◆ Directions for this task:
Without including any picture, repeat the records below exactly.

:: Exercise materials ::

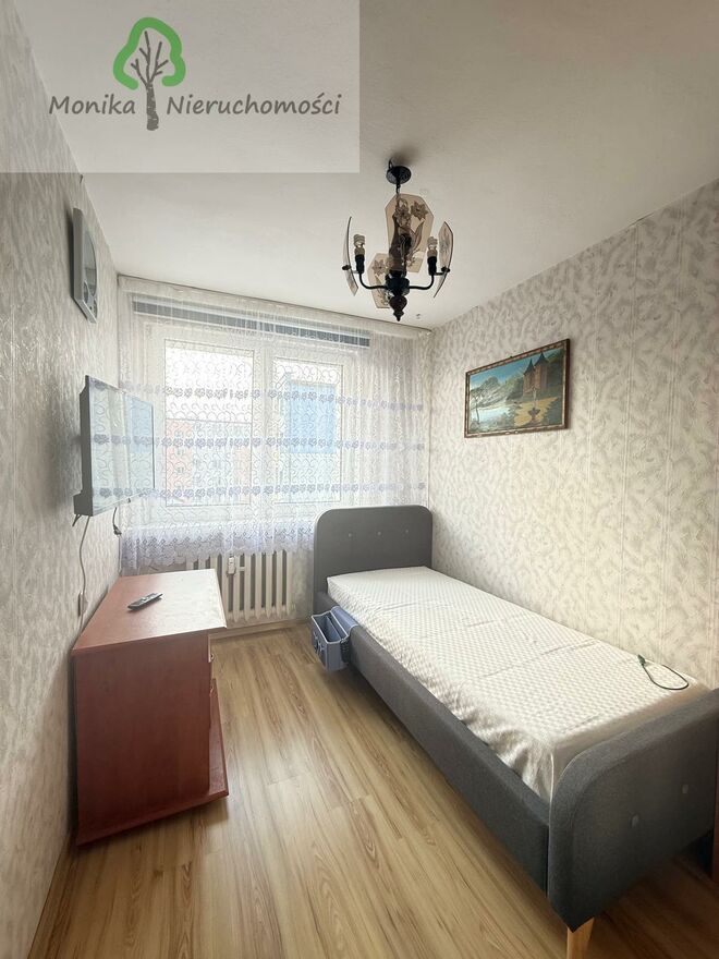 - w mniejszym pokoju: duża szafa z drzwiami przesuwnymi oraz łóżko medyczne
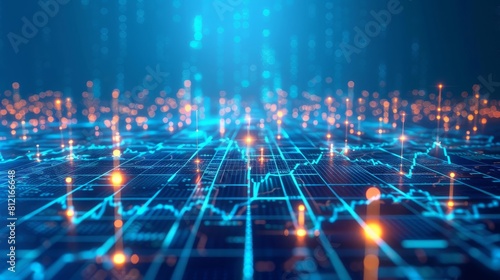 © tanapat, Obraz premium digital background of stock market charts and graphs on blue, with data points glowing in the foreground
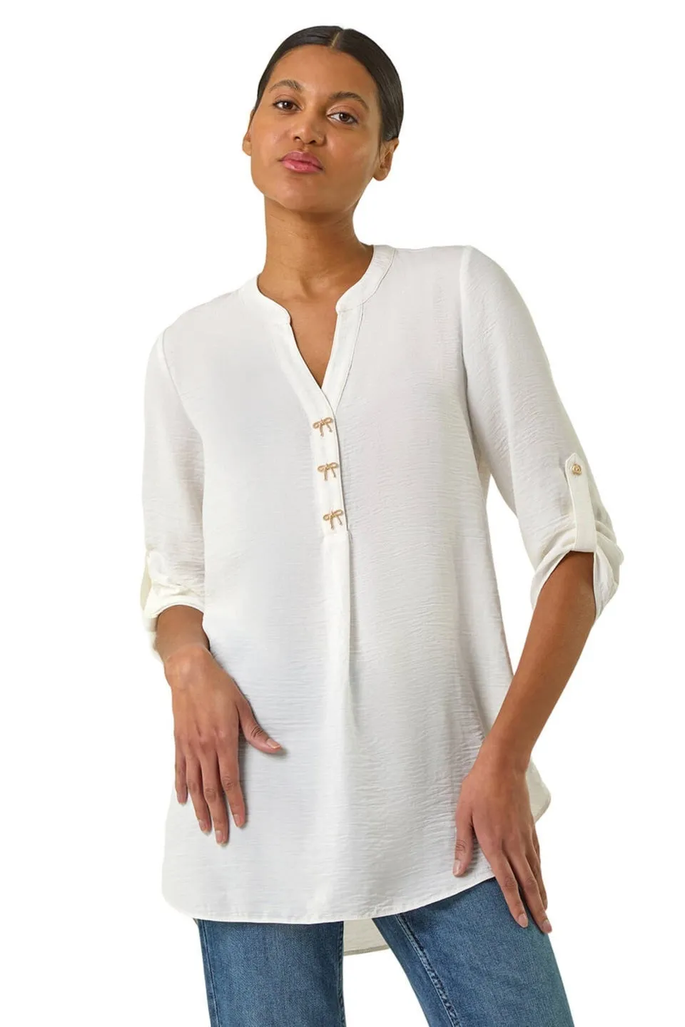 Roman Ivory Longline Bow Button Top
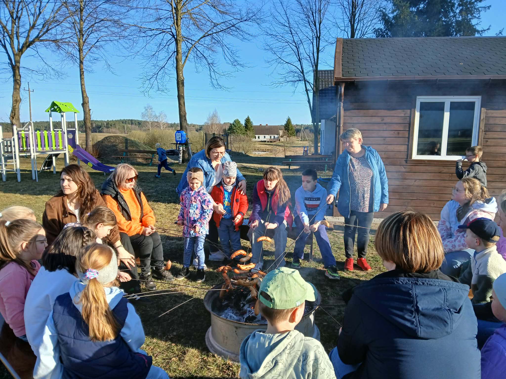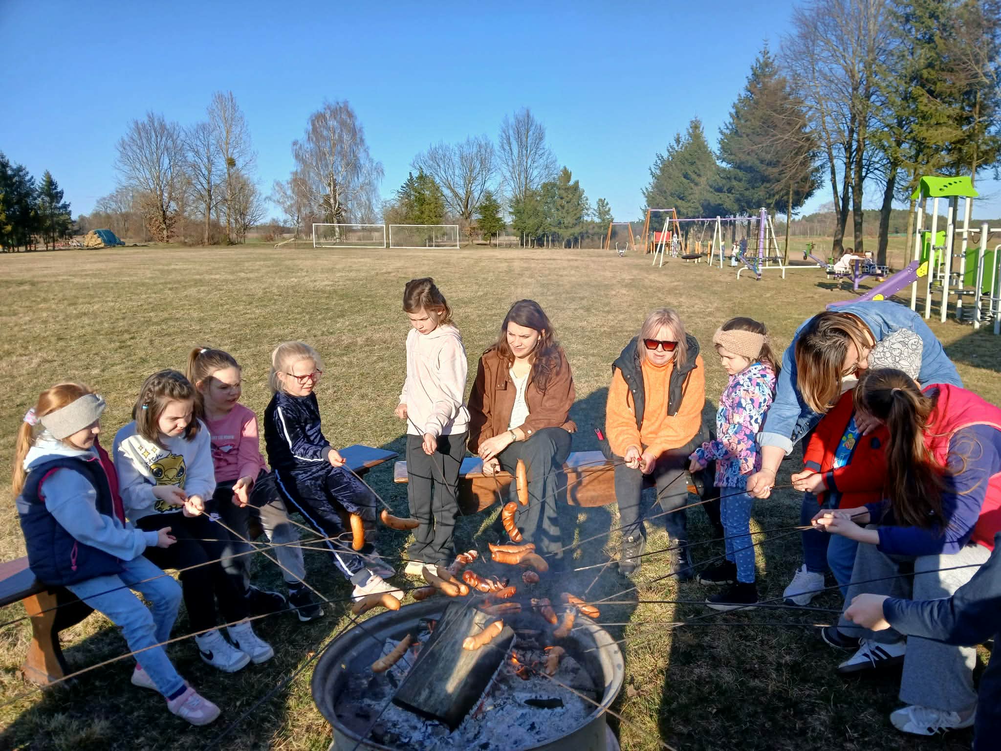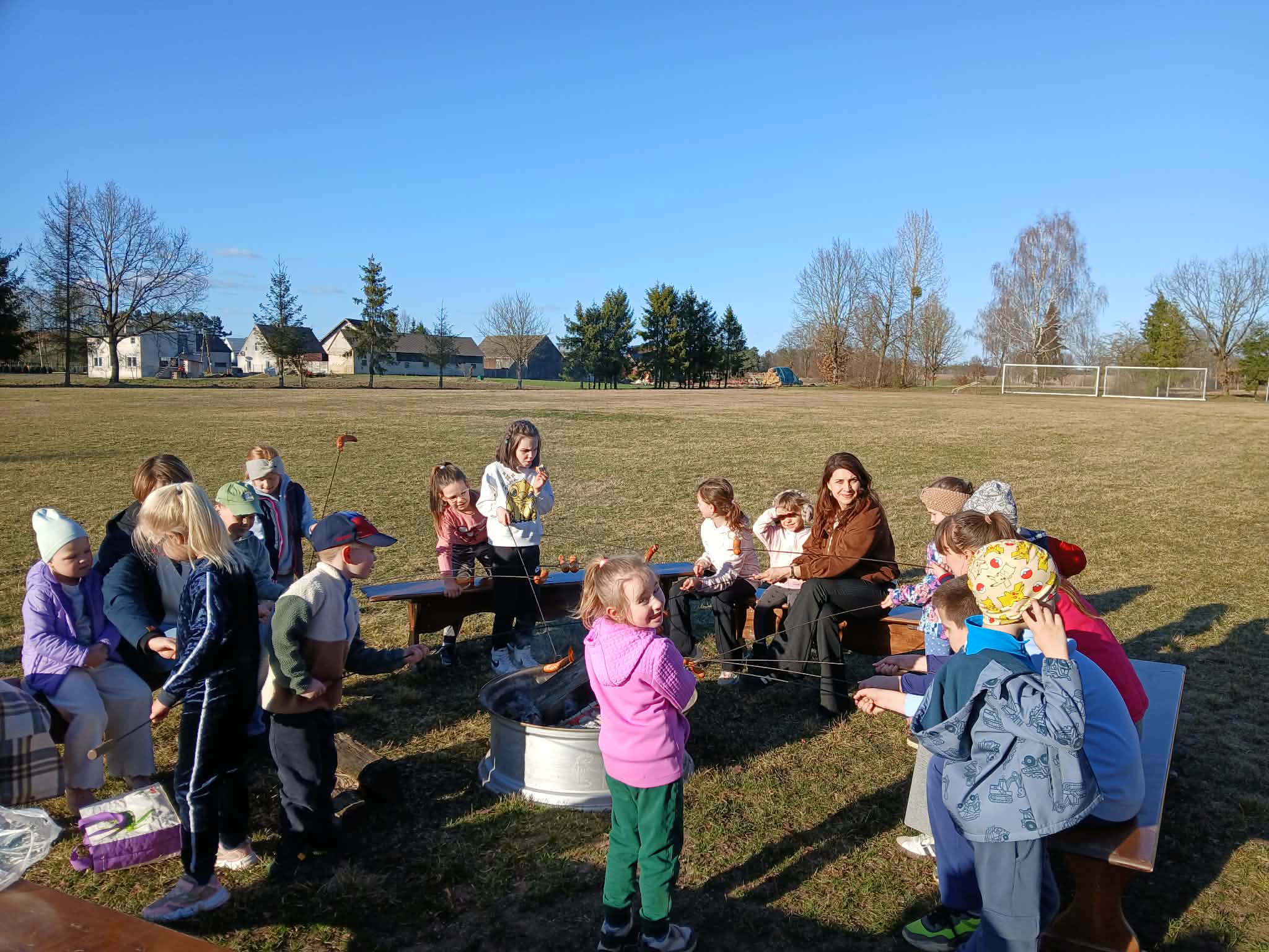 Dzieci chętnie brały udział w grach, zabawach i konkurencjach sportowych, a na zakończenie wszyscy wspólnie piekli kiełbaski przy ognisku. 🔥
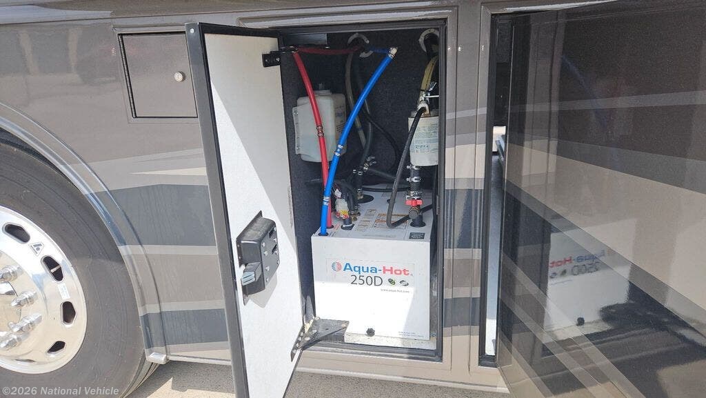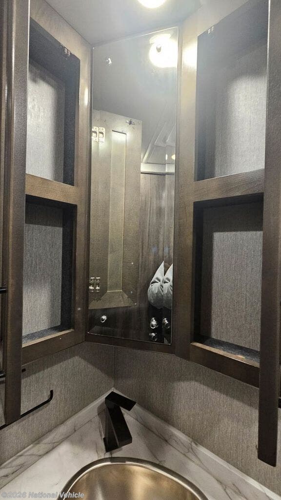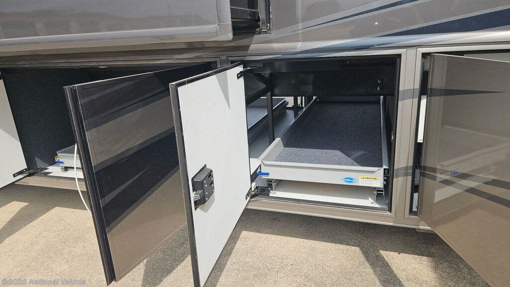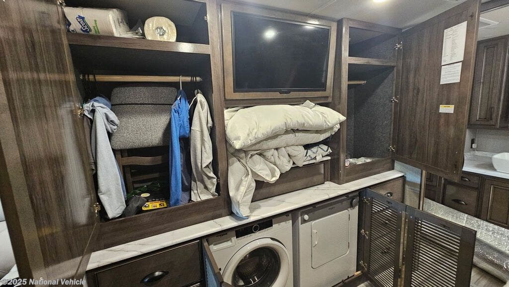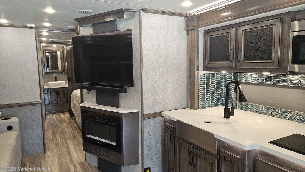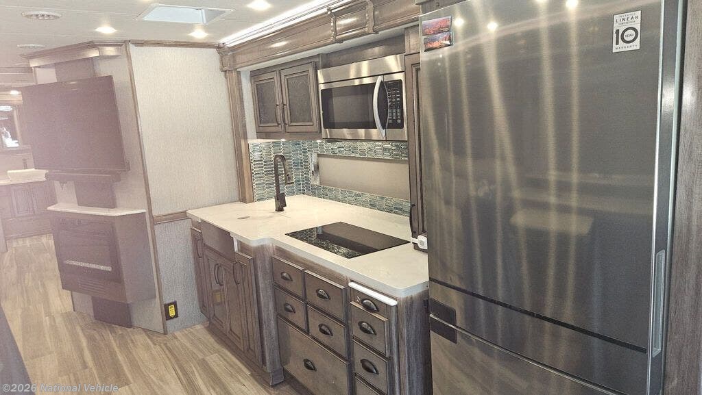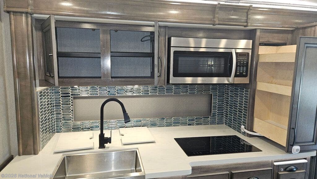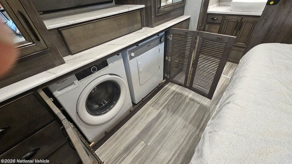 The gourmet kitchen is equipped for extended stays, featuring a stainless steel residential refrigerator, convection microwave, and 2-burner cooktop, all seamlessly integrated into a modern, functional layout. For ultimate convenience on the road, enjoy the luxury of an in-unit washer and dryer and the efficiency of Aqua Hot? hydronic heating for consistent comfort in all seasons.

:::

◆ Completed task:
 - w mniejszym pokoju: duża szafa z drzwiami przesuwnymi oraz łóżko medyczne
 © tanapat, Obraz premium digital background of stock market charts and graphs on blue, with data points glowing in the foreground
 Roman Ivory Longline Bow Button Top
 Dzieci chętnie brały udział w grach, zabawach i konkurencjach sportowych, a na zakończenie wszyscy wspólnie piekli kiełbaski przy ognisku. 🔥
 The gourmet kitchen is equipped for extended stays, featuring a stainless steel residential refrigerator, convection microwave, and 2-burner cooktop, all seamlessly integrated into a modern, functional layout. For ultimate convenience on the road, enjoy the luxury of an in-unit washer and dryer and the efficiency of Aqua Hot? hydronic heating for consistent comfort in all seasons.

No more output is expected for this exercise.